Looking at all of this, it is very likely, at least to my mind, that our view of God can be greatly viewed as an extension of how we view others in our lives who hold similar traits to God. Here’s an example just to illustrate this theory. If a man’s father wants nothing to do with him, his mother isn’t gentle, caring or considerate in her approach to him, his preacher, teacher, or other authority figures are not patient with him or have broken his trust somehow, and his peers reject him, then might that same man not also come to believe that, in general, he isn’t wanted, loved, respected or cared about by anyone, including God? After all, if everyone else treats him a certain way, why would God be any different? Mustn’t there be something about him that makes him unworthy of God? It is easy to see the mindset that can form against God when looking at how people treat each other. Maybe that is why Jesus commanded us to do to others the way we would want done unto us. Our influence over each other is so profound and lasting that it can reach all aspects of our lives, including influencing our relationship with God.

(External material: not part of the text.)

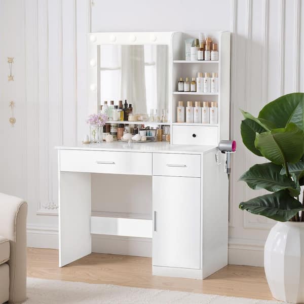 1-Door White Makeup Vanity Dressing Table with Adjustable Mirror, 4-Shelves Power Outlet, for Women Girls Bedroom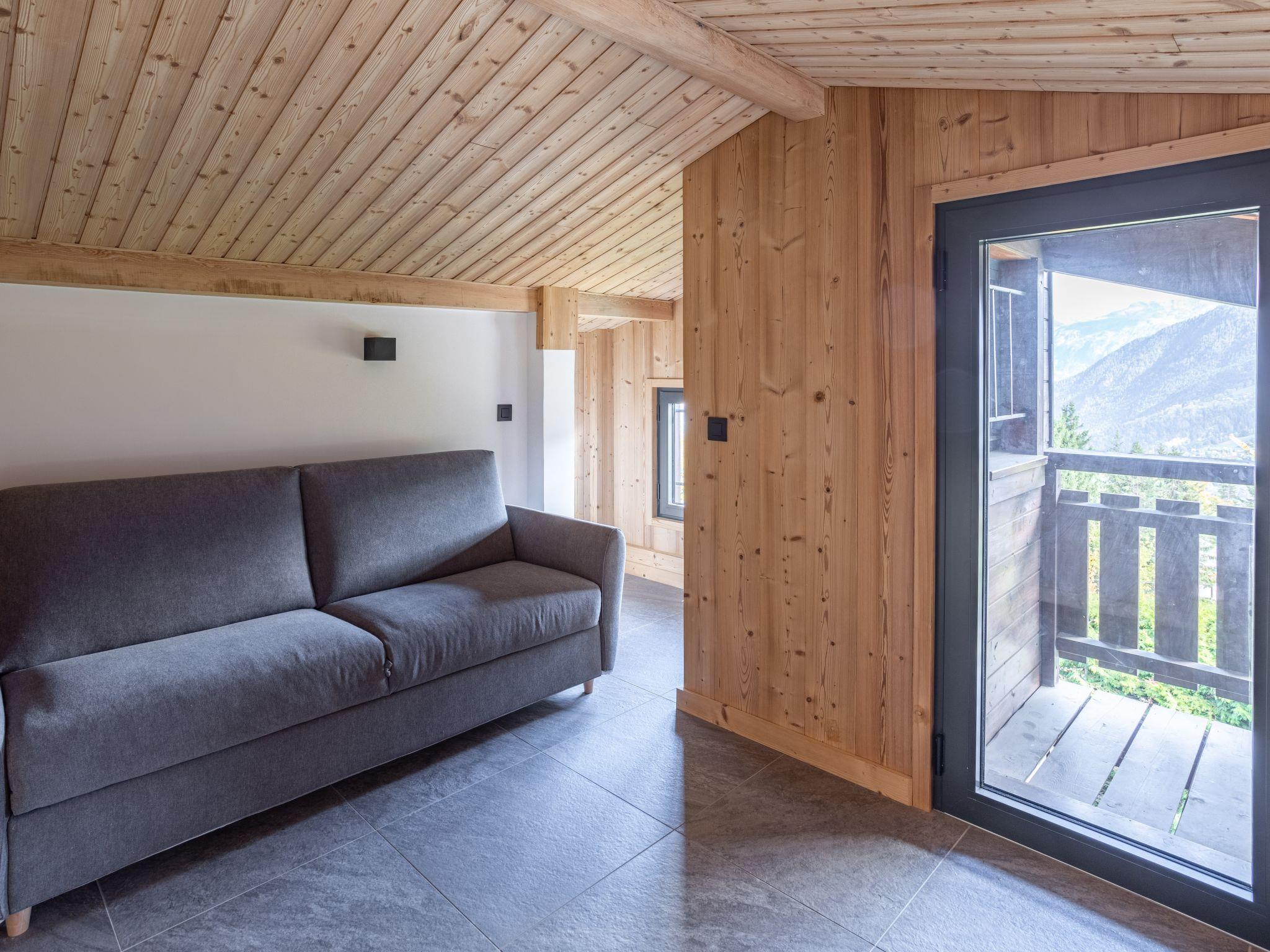 "L'Adret", 6-room house 300 m2. Object suitable for 6 adults + 8 children. Fully renovated in 2021, comfortable and modern furnishings: living/dining room with open-hearth fireplace (only for decoration), TV (flat screen). Exit to the balcony. 1 room with 1 french bed (180 cm, length 200 cm), bath/WC. 1 room with 2 x 2 bunk beds (90 cm, length 200 cm). Open kitchen (oven, dishwasher, 3 induction hot plates, toaster, kettle, electric coffee machine, Capsules for coffee machine (Nespersso) extra, raclette grill, combination microwave, fondue Set (cheese)). Sep. WC. On the lower ground floor: 1 room with 2 x 2 bunk beds (80 cm, length 190 cm). 1 room with 1 french bed (180 cm, length 200 cm). Bath/WC. Electric heating. Upper floor: 1 room with 1 french bed (180 cm, length 200 cm). Open gallery with 1 sofabed (180 cm, length 200 cm). Shower/WC. Electric heating. Balcony 20 m2, north-east facing position, large terrace 20 m2, north-east facing position and south-east facing position. Terrace furniture. Very beautiful panoramic view of the mountains. Facilities: washing machine, dryer, children's high chair, baby cot. Internet (WiFi, free). Parking (3 cars). Please note: non-smoking house. No lift. Instead of an enclosed bedroom, some sleeping areas are located in an open-plan area (gallery, alcove, etc.). Offer by a private individual according to Art. 155, IV of CGI. 742360219037

The good news, however, is that God is not everybody else. He is flawless, perfect, and pure in everything he does. Humans are not this way. We are fallen, imperfect, and certainly far from pure in most cases. Just because someone fails you, that doesn’t mean God will do the same. Just because someone hates you, doesn’t mean God hates you. Just because someone rejects you, doesn’t mean God will reject you. What we have to keep in mind is that we are in God’s image, and not the other way around. God is not an expression of us, we are an expression of him, one that has been weakened and flawed because of our sin. So when we view God through the lens of how we view others, we are wrong to do so. We can certainly see God at times through other people, but that doesn’t mean that we can see God in everything somebody else does. Only Jesus holds that distinction. The rest of us, too much of the time, fall short.

2 comments:

Jim Jordan said...

This article was absolutely brilliant. There's nothing to add to this. It's an excellent briefing on God and relationships.

Joe said...

I was wondering when you would get around to writing something again.

I've heard some people say that God's greatest love is his love for himself as manifested in the trinity. (Perfect love & mutual submission, etc.) So then being an image bearer of God is where his love for us stems from...regardless of how scarred or beat up that image is. (I would highly recommend Rick McKinley's "This Beautiful Mess" for more on this)

But this idea is also the premise of Rob Bell's "Sex God" book. You should buy that book, too. (Do what I tell you!!!)